Different from a regular regression or classification problem, a personalized medicine problem involves one more type of variable: the treatment label, denoted as \(A\) (action). In the simplest case, we may assume that \(A \in \{-1, 1\}\), a binary label. However, the action can also be multiple categorical and continuous. The outcome we observe is denoted as \(R\) (reward). These notations are borrowed from a reinforcement learning literature. In a traditional medical problem, we often assume that the treatment effects (using a drug) on all subjects are the same. In certain sense, we may think about the following linear model:

\[E(R | X, A) = \boldsymbol \beta^T X + \alpha A.\] In this case, those who take treatment \(A = 1\) (e.g., taking a drug) will have \(2 \times \alpha\) higher mean reward than treatment \(A = 1\) (e.g., taking placebo). Hence, if \(\alpha > 0\), everyone should use treatment \(1\), otherwise use \(-1\). However, as medical science evolves, we know that this “one-size-fits-all” concept is not true in practice, and we should explore heterogeneous treatment effects. If we still restrict ourselves in a linear model framework, we could have

\[E(R | X, A) = \boldsymbol \beta^T X + A \cdot \boldsymbol \alpha^T X.\]

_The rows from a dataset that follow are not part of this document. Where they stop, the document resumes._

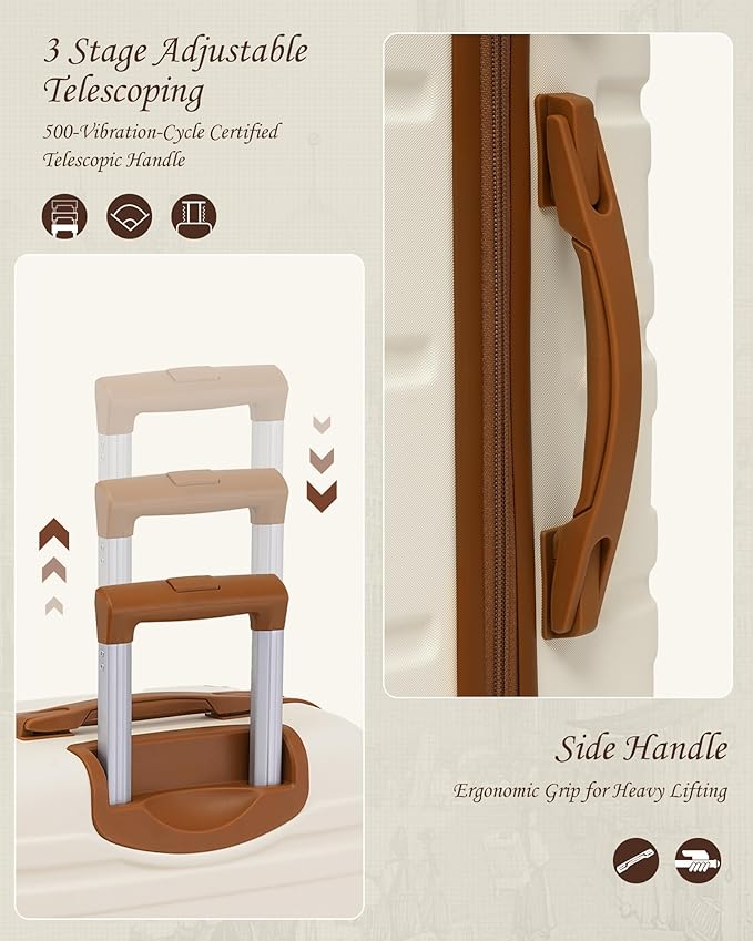 - 【3-Stage Smooth Adjustable Handle】The 3-stage telescopic handle adjusts smoothly and locks securely at any height, reinforced with steel for strength and stability—tested through 500 vibration cycles to withstand rough airport handling. Convenient side handles provide a secure grip when lifting into overhead compartments.
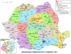 En 1950, Rumanía adoptó el modelo soviético de división administrativa y territorial del país en regiones y raiones (hasta entonces, Rumania había estado dividida en judeţe o condados).
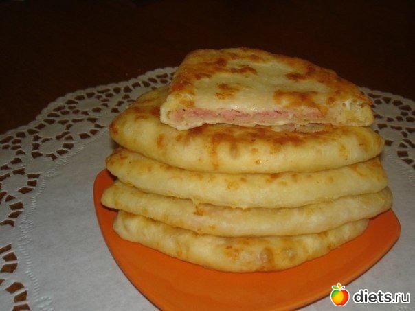 3. Полученное тесто разделить на колобки, раскатать небольшую лепешку (можно пожарить так), положить начинку (у меня - ветчина).
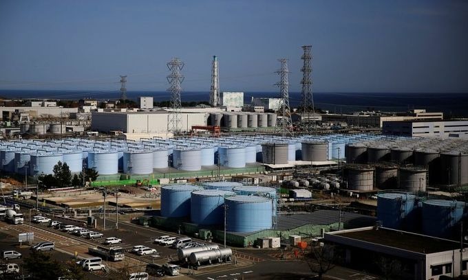 Các bể chứa nước thải đã qua xử lý tại nhà máy điện hạt nhân Fukushima Daiichi ở thị trấn Okuma, tỉnh Fukushima vào tháng 3/2021. Ảnh: Reuters.
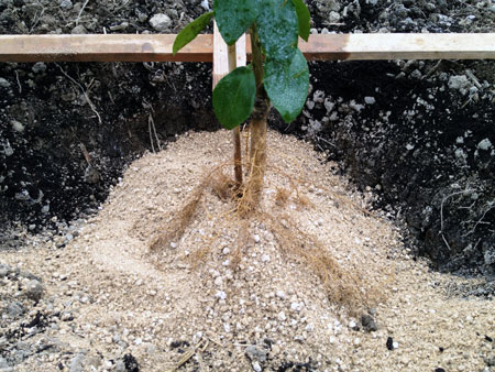 根を傷つけないように慎重に植えていきます。まわりの土は真砂土です。
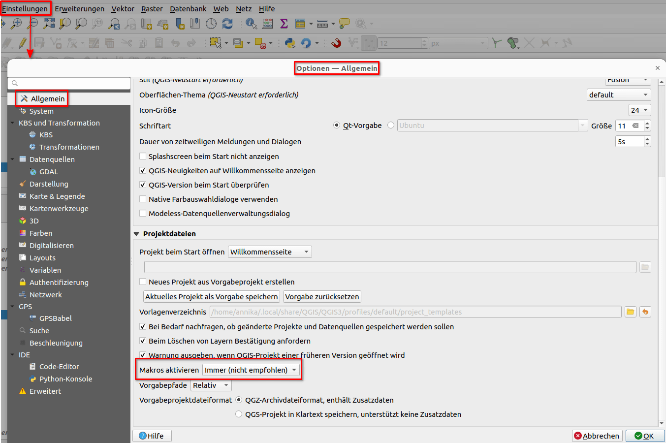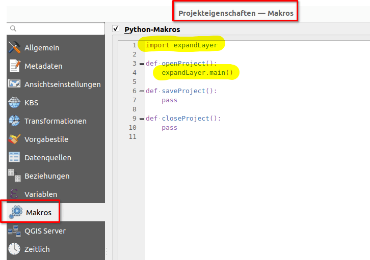 Damit ist das Skript fertig und kann in das Projekt eingebunden werden, wobei darauf zu achten ist, dass dieses im gleichen Ordner wie die QGIS-Projektdatei liegen muss. Weiterhin können in den Einstellungen Python-Makros automatisch aktiviert werden, damit dem/der Bearbeiter*in nicht jedes Mal eine Warnmeldung angezeigt wird.

Here, the notation \(A \cdot X\) means that we are using the interaction between \(A\) and each component in \(X\). Note that \(\alpha\) also becomes a vector to incorporate all information in \(X\).

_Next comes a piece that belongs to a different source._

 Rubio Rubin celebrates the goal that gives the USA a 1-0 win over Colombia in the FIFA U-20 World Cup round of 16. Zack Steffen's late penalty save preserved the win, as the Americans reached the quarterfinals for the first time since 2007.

Our question in personalized medicine is: Given a patient’s covariate information \(X\), which treatment label \(A\) provides better reward?. Formally, we want to compare

\[ E(R | X, A = 1) \quad \text{vs.} \quad E(R | X, A = -1)\]

Hence, a simple strategy is to estimate the regression function and compare the expected rewards. However, we should also notice that, as long as \(\alpha^T X\) is positive, \(A = 1\) is more beneficial. Hence, this leads to two main strategies:

  • Indirect-learning approach: learn the regression model to estimate the expected reward \(E(R | X, A)\), and suggest treatment by comparing the expected reward under \(A = 1\) or \(-1\).
  • Direct-learning approach: directly learn the treatment rule \(\text{sign}(\boldsymbol \alpha^T X)\) without estimating other parameters \(\boldsymbol \beta\) since they are not useful for choosing treatment.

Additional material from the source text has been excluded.